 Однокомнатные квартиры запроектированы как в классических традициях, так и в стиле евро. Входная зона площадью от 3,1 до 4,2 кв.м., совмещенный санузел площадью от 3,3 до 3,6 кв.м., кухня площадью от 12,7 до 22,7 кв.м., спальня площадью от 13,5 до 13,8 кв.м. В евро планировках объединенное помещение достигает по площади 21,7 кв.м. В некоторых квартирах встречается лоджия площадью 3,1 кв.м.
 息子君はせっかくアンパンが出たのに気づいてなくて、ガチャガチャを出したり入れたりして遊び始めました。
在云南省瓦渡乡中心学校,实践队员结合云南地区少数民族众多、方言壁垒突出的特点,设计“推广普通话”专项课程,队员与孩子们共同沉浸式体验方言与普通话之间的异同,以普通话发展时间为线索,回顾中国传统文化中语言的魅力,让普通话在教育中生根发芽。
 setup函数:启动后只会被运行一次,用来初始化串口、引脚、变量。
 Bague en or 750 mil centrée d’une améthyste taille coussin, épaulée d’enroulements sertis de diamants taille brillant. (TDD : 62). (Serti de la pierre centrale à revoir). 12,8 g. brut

---

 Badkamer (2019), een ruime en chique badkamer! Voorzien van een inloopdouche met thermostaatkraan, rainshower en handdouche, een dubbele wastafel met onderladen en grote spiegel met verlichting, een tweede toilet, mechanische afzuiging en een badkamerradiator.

Task directions =
Return only the lines between the one holding "Однокомнатные квартиры запроектированы" and the one holding "息子君はせっかくアンパンが出", inclusive, exactly as they appear above.

Final answer =
 Однокомнатные квартиры запроектированы как в классических традициях, так и в стиле евро. Входная зона площадью от 3,1 до 4,2 кв.м., совмещенный санузел площадью от 3,3 до 3,6 кв.м., кухня площадью от 12,7 до 22,7 кв.м., спальня площадью от 13,5 до 13,8 кв.м. В евро планировках объединенное помещение достигает по площади 21,7 кв.м. В некоторых квартирах встречается лоджия площадью 3,1 кв.м.
 息子君はせっかくアンパンが出たのに気づいてなくて、ガチャガチャを出したり入れたりして遊び始めました。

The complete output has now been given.